(Given information Opens)
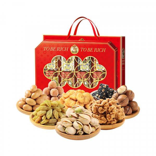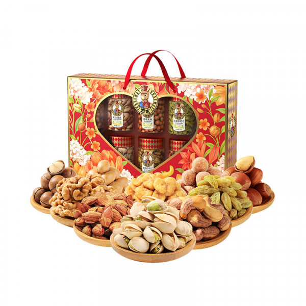 (超运·禾贸)如水鎏金繁花·红福礼盒1508g 春节高端严选干果礼盒 送人送礼送客户送长辈
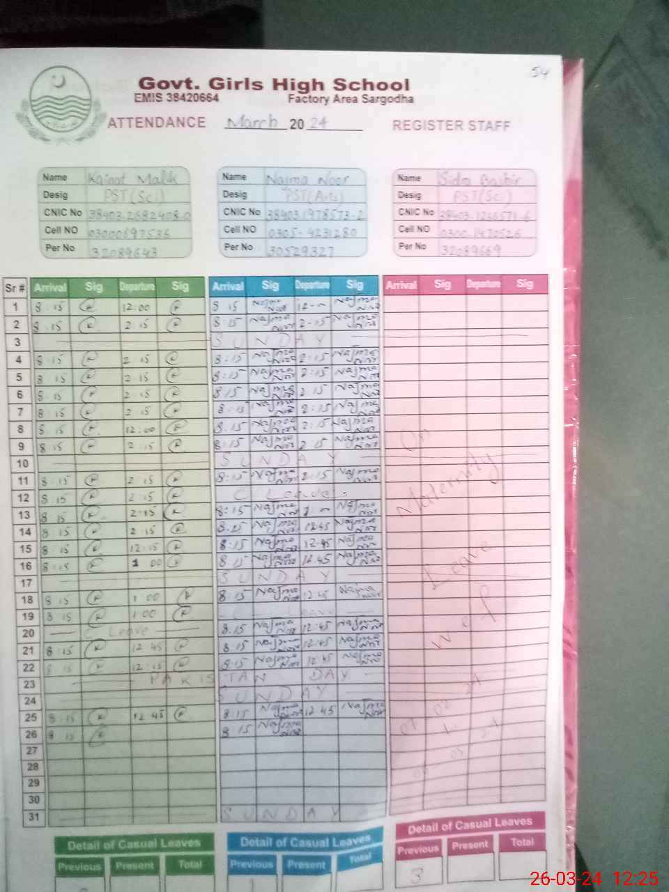 | EMIS Code: 38420664 | Name of School: GGHS FACTORY AREA SARGODHA | |||
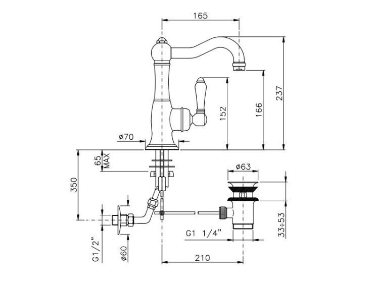 Смеситель для раковины, Nicolazzi, El Capitan, тип открывания воды-однорычажный, отверстия для монтажа-1, высота, мм-237, вынос излива, мм-165, вид ручки-75C El Capitan, донный клапан-есть, цвет-Bronzed Plated, слив-автоматический Смеситель для раковины, Nicolazzi, El Capitan, цвет-Bronzed Plated
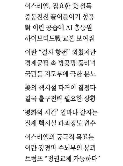 미국의 직접 개입을 마주하며 결국 이스라엘과 휴전으로 국면 돌파를 선택한 이란 강경파 지배층은 정권 생존을 위해 치열한 출구전략 계산을 하고 있을 것이다. 이란은 24일 "이스라엘 공격 중단 시 우리도 대응 의사가 없다"고 밝혔다. 이란은 향후 미국, 이스라엘과 협상 과정에서 어떤 방식으로든 파괴된 핵시설에 대한 평가 압박을 받을 것으로 보인다. 그렇다고 잠깐의 휴전 후 다시 반격을 도모하는 것도 현실적으로 쉽지 않다. 이란의 대리 세력들은 사실상 껍데기만 남은 상태다. 한때 이란의 최대 전략자산이었던 헤즈볼라조차 지금은 조직의 생존을 걱정해야 할 정도로 약화돼 이스라엘·이란 전선에 휘말리는 것을 꺼리고 있다.
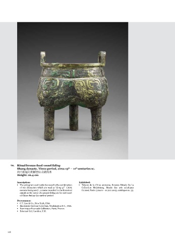 of China during this ancient period. no. R.181. 陳夢家《殷周青銅器分類圖錄》東京 1977年 Collection, London 2009, p. 154 – 155, no. 70.
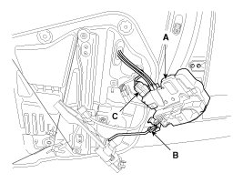 3. After loosening the mounting screws, then remove the power window motor (A).
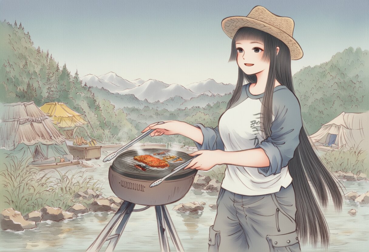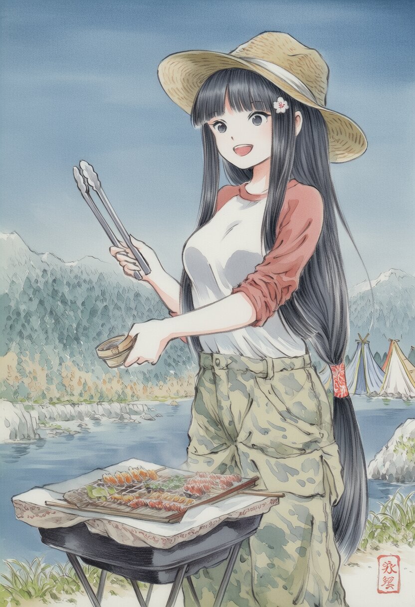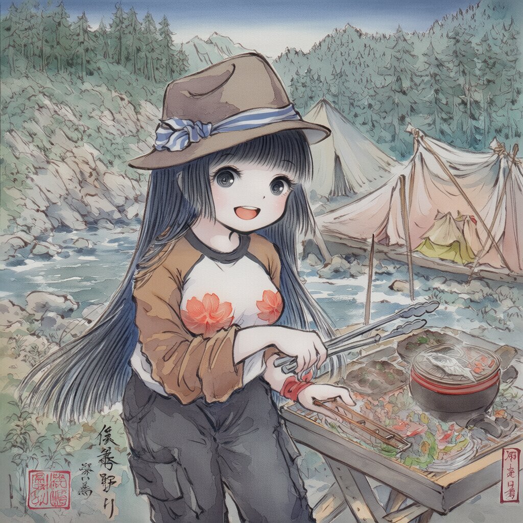 {{{highly detailed}}}, {{{traditional media}}}, {{{beautiful detailed}}}, {{intricate}}, {{{{ukiyo-e}}}}, 1girl, solo, taketori monogatari, {{kaguya hime}}, black hair, very long hair, hime cut, black eyes, hair ornament, large breasts, smile, open mouth, {{{hat, fedora, raglan sleeves, cargo pants}}}, {{hold a pair of tongs}}, {{{barbecue}}}, {{{{{tents}}}}}, mountain, forests, river, rocky area, blue sky, cowboy shot, standing, {{{masterpiece}}}, {{{best quality}}}, {{{very aesthetic}}}, {{{ultra-detailed}}}, {illustration}, {{{extremely detailed}}}, {{{an extremely delicate and beautiful}}}
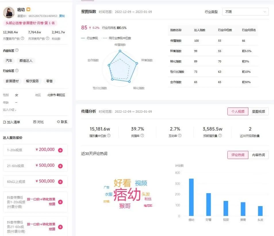 從2020年火爆至今,痞幼用人設與內容轉型吸粉超過2940萬。作為抖音頂流,痞幼目前的主要變現(xiàn)方式還是在廣告和櫥窗帶貨上。近90天發(fā)布了42條星圖視頻,按照報價50萬來估算,收入就能達到在2100萬元。
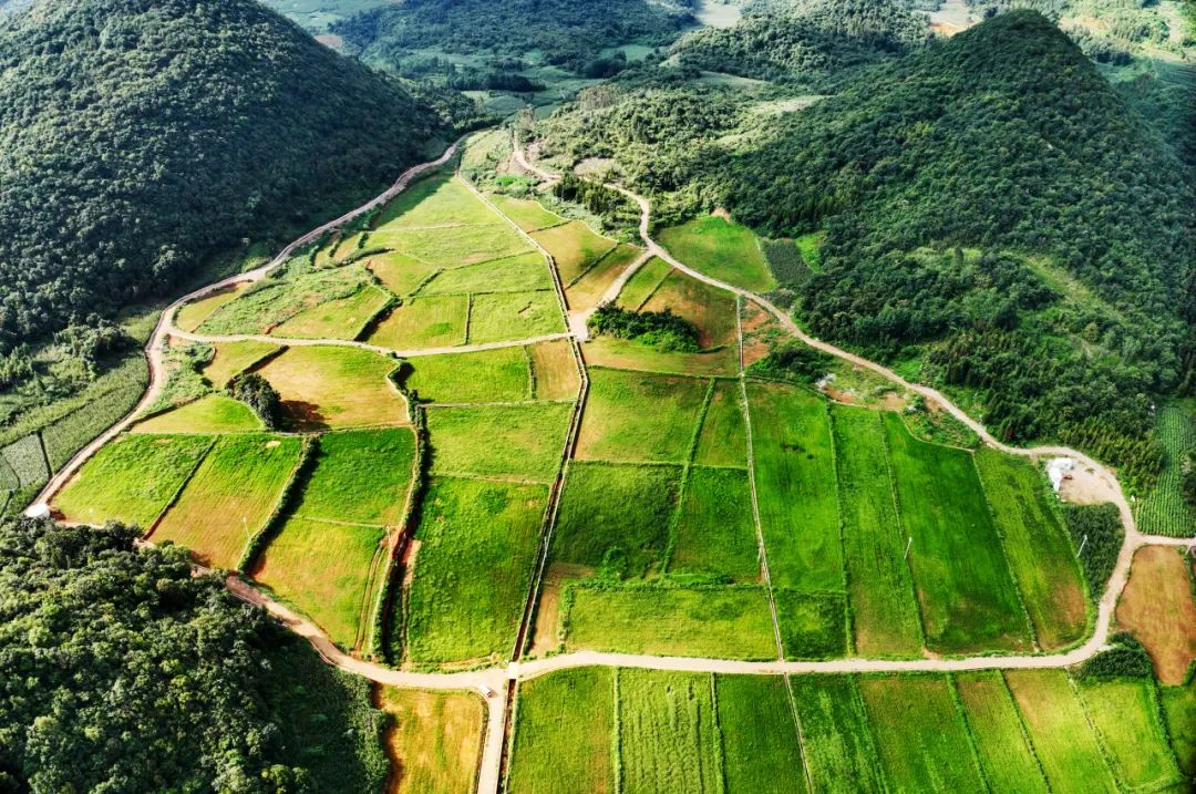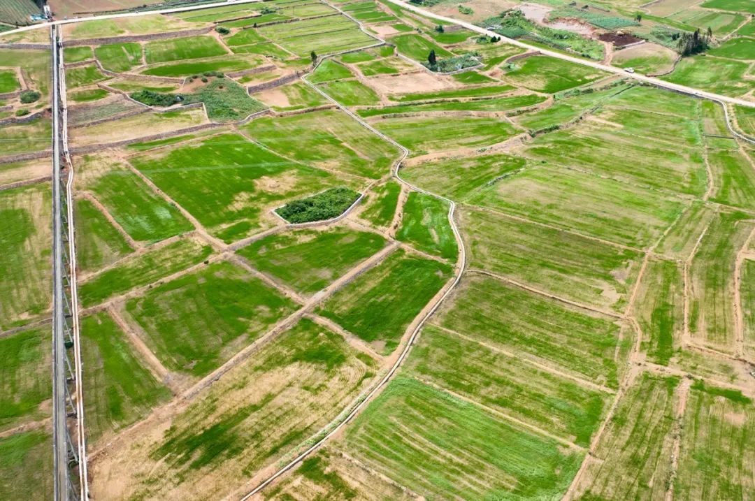 蓝天白云下,一眼望去,是路相通、渠相连、旱能灌、涝能排的良田美景。谁能想到,18个月以前,这里还是一片贫瘠的坡地。
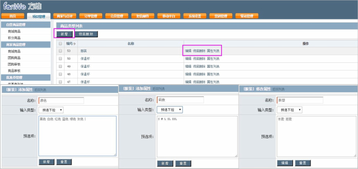 更新后,運(yùn)營人員可在后臺(tái)直接添加商品類型,并自定義編輯商品的屬性:
(Given information Closes)
Could you please write out exactly the lines from the start of the entries above through the line that holds "3. After loosening", both included, with no pictures?

 (超运·禾贸)如水鎏金繁花·红福礼盒1508g 春节高端严选干果礼盒 送人送礼送客户送长辈
 | EMIS Code: 38420664 | Name of School: GGHS FACTORY AREA SARGODHA | |||
 Смеситель для раковины, Nicolazzi, El Capitan, тип открывания воды-однорычажный, отверстия для монтажа-1, высота, мм-237, вынос излива, мм-165, вид ручки-75C El Capitan, донный клапан-есть, цвет-Bronzed Plated, слив-автоматический Смеситель для раковины, Nicolazzi, El Capitan, цвет-Bronzed Plated
 미국의 직접 개입을 마주하며 결국 이스라엘과 휴전으로 국면 돌파를 선택한 이란 강경파 지배층은 정권 생존을 위해 치열한 출구전략 계산을 하고 있을 것이다. 이란은 24일 "이스라엘 공격 중단 시 우리도 대응 의사가 없다"고 밝혔다. 이란은 향후 미국, 이스라엘과 협상 과정에서 어떤 방식으로든 파괴된 핵시설에 대한 평가 압박을 받을 것으로 보인다. 그렇다고 잠깐의 휴전 후 다시 반격을 도모하는 것도 현실적으로 쉽지 않다. 이란의 대리 세력들은 사실상 껍데기만 남은 상태다. 한때 이란의 최대 전략자산이었던 헤즈볼라조차 지금은 조직의 생존을 걱정해야 할 정도로 약화돼 이스라엘·이란 전선에 휘말리는 것을 꺼리고 있다.
 of China during this ancient period. no. R.181. 陳夢家《殷周青銅器分類圖錄》東京 1977年 Collection, London 2009, p. 154 – 155, no. 70.
 3. After loosening the mounting screws, then remove the power window motor (A).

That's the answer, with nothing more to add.